──────── Record extracts ────────

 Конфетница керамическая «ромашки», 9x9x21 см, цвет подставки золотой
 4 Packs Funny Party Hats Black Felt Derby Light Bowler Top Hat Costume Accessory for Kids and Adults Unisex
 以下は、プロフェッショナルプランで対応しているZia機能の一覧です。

────────
──────── Record extracts ────────

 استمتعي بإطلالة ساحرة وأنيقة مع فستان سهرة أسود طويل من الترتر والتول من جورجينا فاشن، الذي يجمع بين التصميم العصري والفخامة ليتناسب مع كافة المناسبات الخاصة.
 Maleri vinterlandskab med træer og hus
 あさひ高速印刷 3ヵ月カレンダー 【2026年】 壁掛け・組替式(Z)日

────────

* [Your assignment] As the answer, set down only the lines from the data above between the one holding "استمتعي بإطلالة ساحرة" and the one holding "あさひ高速印刷 3ヵ月カレンダー 【2026年】 壁掛け・組替式(Z)日", inclusive, exactly as they read.

* [Task result]
 استمتعي بإطلالة ساحرة وأنيقة مع فستان سهرة أسود طويل من الترتر والتول من جورجينا فاشن، الذي يجمع بين التصميم العصري والفخامة ليتناسب مع كافة المناسبات الخاصة.
 Maleri vinterlandskab med træer og hus
 あさひ高速印刷 3ヵ月カレンダー 【2026年】 壁掛け・組替式(Z)日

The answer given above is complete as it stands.